PROBLEM TO WORK ON:
Quote the lines of the data below verbatim, beginning at the line that contains "Acești pantaloni din" and ending at the last line, both included, and excluding pictures.

*** DATA SUPPLIED ***

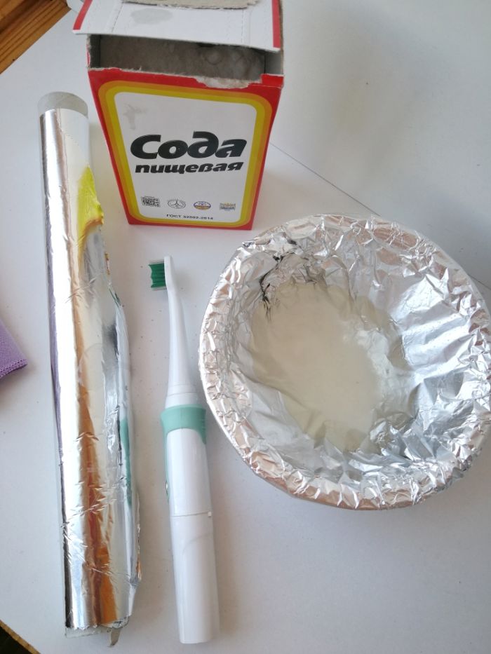 Всем привет! Сегодня будем пробовать вернуть чистоту и блеск, потускневшему или покрывшемуся черным налётом, серебру. Для этого нам понадобятся всего 2 ингредиента: сода и фольга.
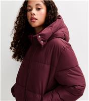 Girls. Embodying non-stop comfort with its oversized shaped and padded finish this burgundy jacket has a functional hood and side slip pockets. Material: : woven Padding: : midweight Fit: : oversized Length: : short meet-the-jean Colour: : burgundy Neckline: : hood press-stud fastening to keep the warmth in Pockets: : side slip Sleeves: : long Fastening: : zip Model: : 5'4/164cm and wears Age 1213/height 152158cm
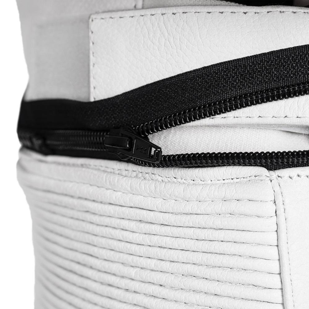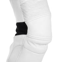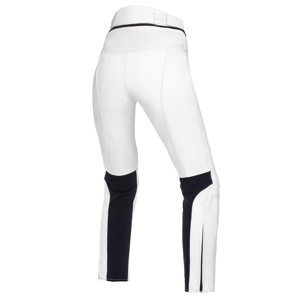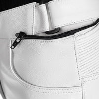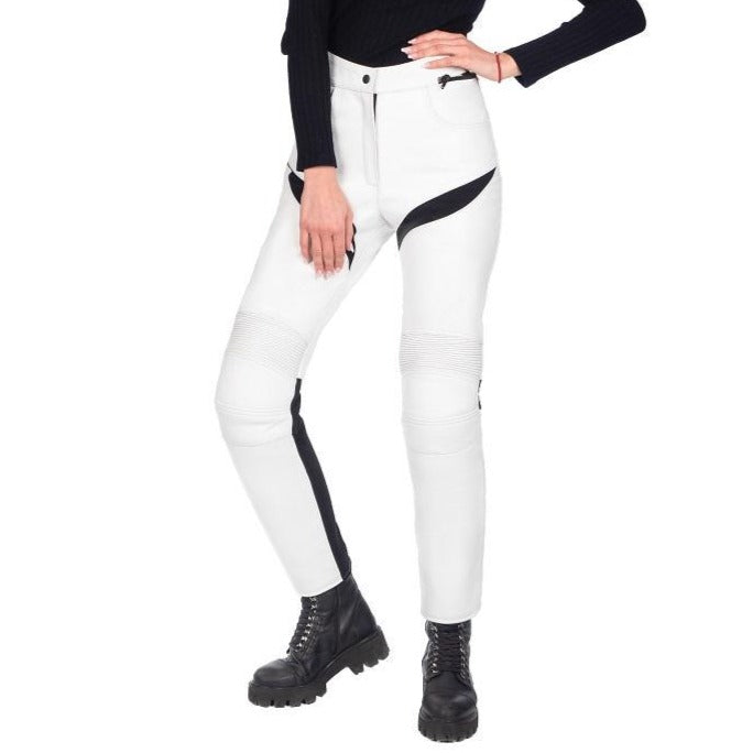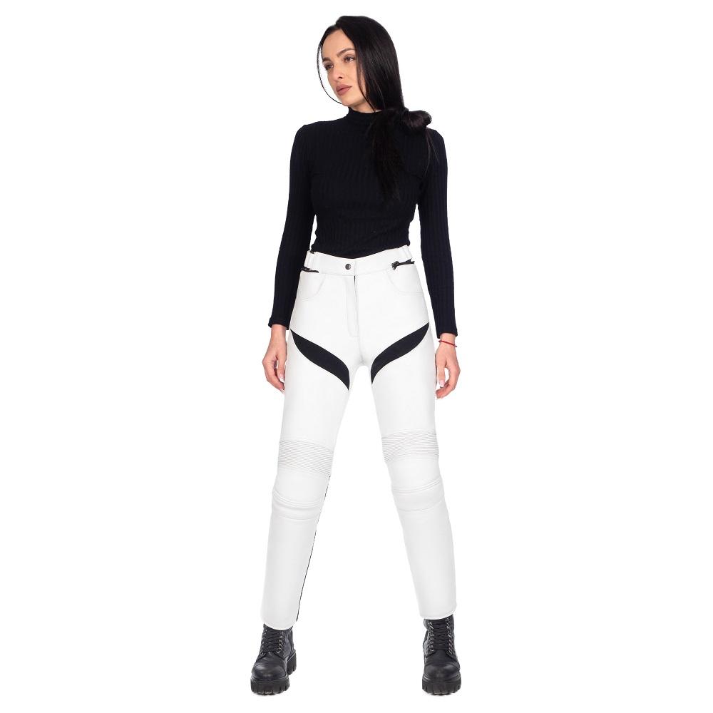 Acești pantaloni din piele albă sunt complet protejați pentru motociclism și oferă siguranță pe drum! Sunt confortabili, se potrivesc bine și vor întoarce privirile oriunde ai merge!
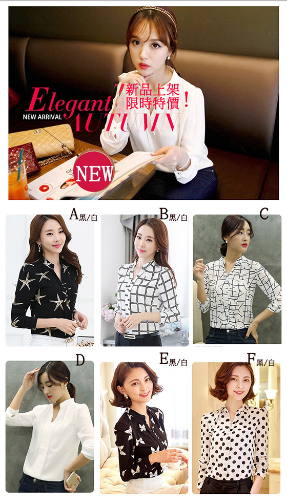 部落客都在推薦~~韓風6款時尚設計雪紡襯衫上衣"
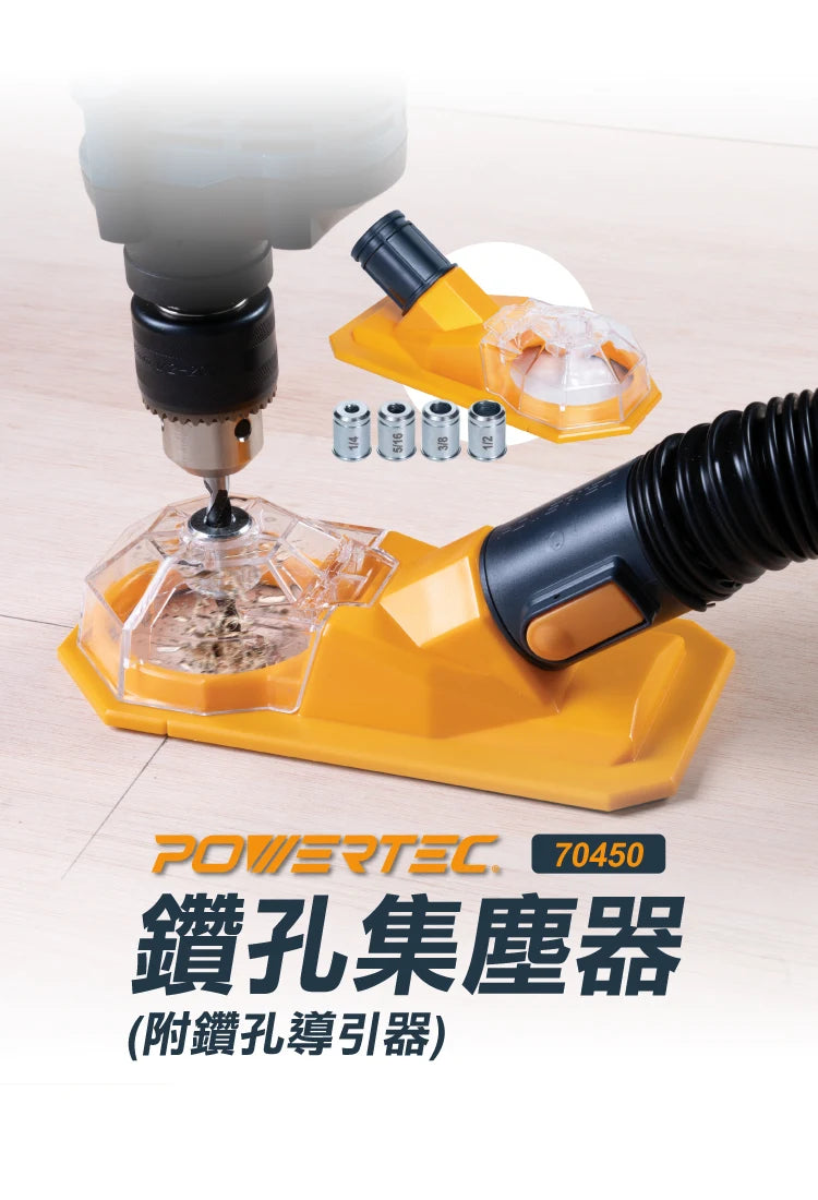 還在為鑽孔後的粉塵煩惱嗎?POWERTEC 70450 鑽孔集塵系統結合吸力底座與導引襯套,能有效捕捉 MDF、膠合板與乾壁粉塵。專為牆面與天花板設計,讓您在保持工作區域乾淨的同時,鑽出 100% 精準的孔洞。
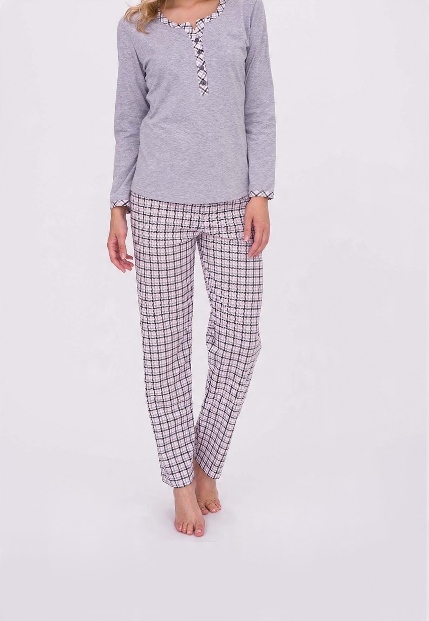 Зручна та комфортна жіноча піжама з високоякісної бавовни. Меланжева футболка з довгим рукавом. Горловина і манжети оброблені кольором в тон штанів. Довгі брюки з малюнком. Склад:

*** End of DATA SUPPLIED ***

OUTPUT BELOW:
 Acești pantaloni din piele albă sunt complet protejați pentru motociclism și oferă siguranță pe drum! Sunt confortabili, se potrivesc bine și vor întoarce privirile oriunde ai merge!
 部落客都在推薦~~韓風6款時尚設計雪紡襯衫上衣"
 還在為鑽孔後的粉塵煩惱嗎?POWERTEC 70450 鑽孔集塵系統結合吸力底座與導引襯套,能有效捕捉 MDF、膠合板與乾壁粉塵。專為牆面與天花板設計,讓您在保持工作區域乾淨的同時,鑽出 100% 精準的孔洞。
 Зручна та комфортна жіноча піжама з високоякісної бавовни. Меланжева футболка з довгим рукавом. Горловина і манжети оброблені кольором в тон штанів. Довгі брюки з малюнком. Склад:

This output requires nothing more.